Gone.

Bin in der Toskana. Radfahren. Bis nächsten Freitag!

Höchstleistung

Im Trainingsplan für diese Woche steht “Höchstleistung”. Na hoffentlich stimmt’s.

In der Toskana jedenfalls herrscht herrlichstes Radwetter:

Umweltverschmutzung

Wenn sich die belgische Umweltschutzorganisation La Coalition Nature beim Fleche Wallonne am gigantischen Fahrzeugtross der ProTour Rennen und der damit einhergehenden Umweltverschmutzung gestossen hätte würde ich das ja noch irgendwie verstehen. Aber … Wasserflaschen? Come on. Das erinnert mich irgendwie an PETAs Vorschlag, die Pet Shop Boys sollten sich in Animal Shelter Boys umbenennen.

2mm

Jeder hat so seinen Tick. Bei mir ist’s die Einstellung meiner Sitzposition. Da gibt’s immer was zu basteln und zu richten und zu probieren.

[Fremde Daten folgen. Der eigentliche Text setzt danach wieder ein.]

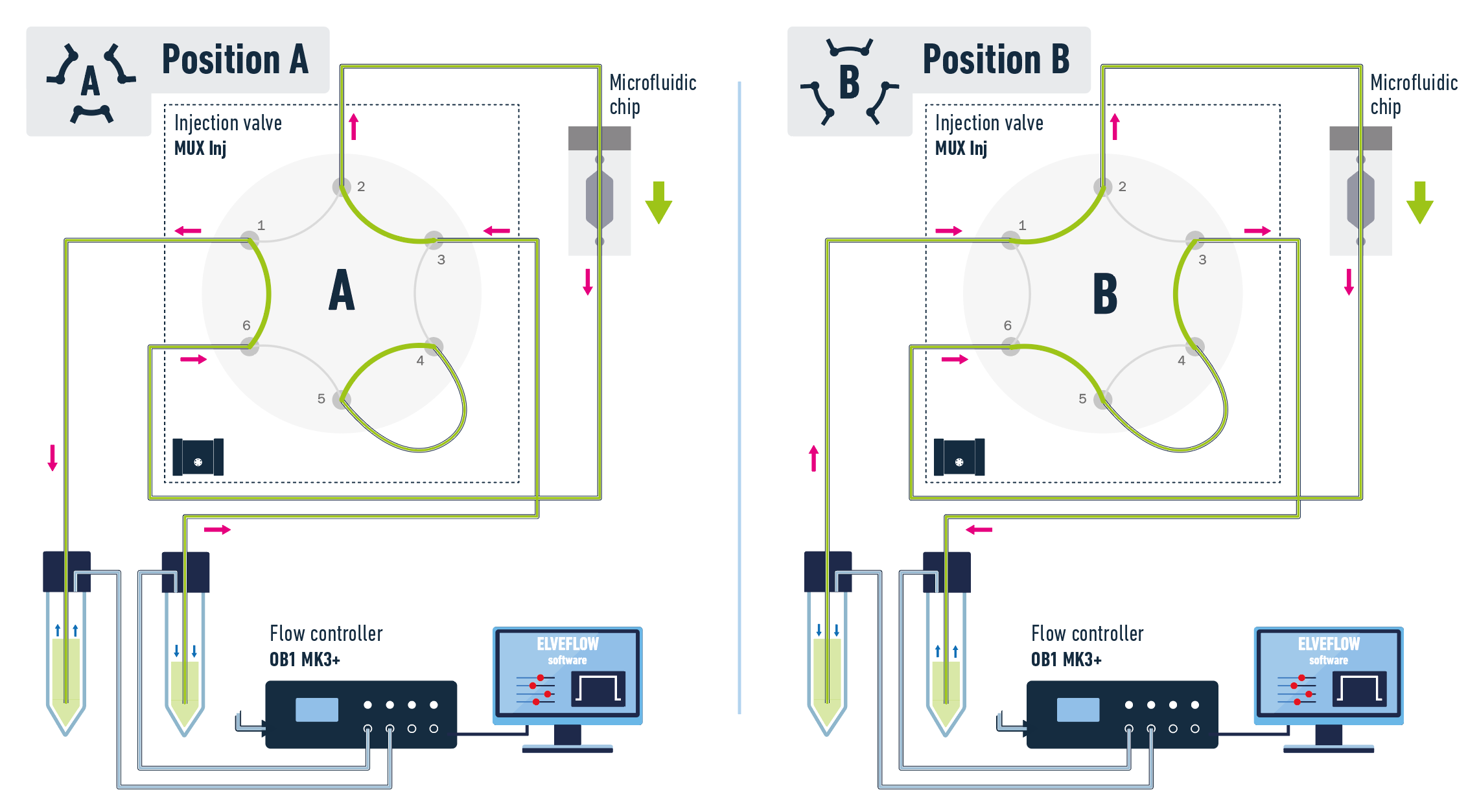 • 微流体循环阀MUX Recirculation是一个双向6-端口/2-位置切换阀,其允许在两个不同的设置配置(配置A和配置B)之间执行切换。

Klar ist, dass ich nach den meisten Regeln der Kunst zu hoch sitze – da ich relativ viel Bewegung im Fussgelenk habe muss ich höher sitzen als die meisten anderen, um noch eine vernünftige Öffnung des Kniegelenks zu erreichen. Der Haken an einer hohen Sitzposition ist unter anderem eine erhöhte Belastung der Achilles-Sehne.

Nachdem eine schon länger zurückliegende Beleidigung meiner Achilles-Sehne nun wieder aufgetaucht ist, habe ich meinen Sattel um 2mm nach unten gestellt und muss sagen: Es ist wirklich beängstigend, wie sich sogar kleinste Veränderungen der Sitzposition (in diesem Fall eine Reduktion der Sattelhöhe um 0,245%) auf das Bewegungsmuster beim Treten, die Beinstreckung, Sitzposition und Komfort auswirken. In diesem Fall war die Veränderung äusserst produktiv: Belastung von der Achilles-Sehne weg, wieder eine Spur angenehmer zu sitzen, Tritt immer noch gut.

Nur mit meinem heimlichen Ziel, die Voigt’sche Überhöhungskonstante zu erreichen schaut’s weniger gut aus. Aber der fährt eigentlich ja Kinderräder.

Jens Voigt on Flickr

Frühling

Endlich. der Frühling im Wiener Wald ist nicht mehr aufzuhalten. Tulbinger Kogel und Sofienalpe bei schönem Wetter, zum ersten mal 2010.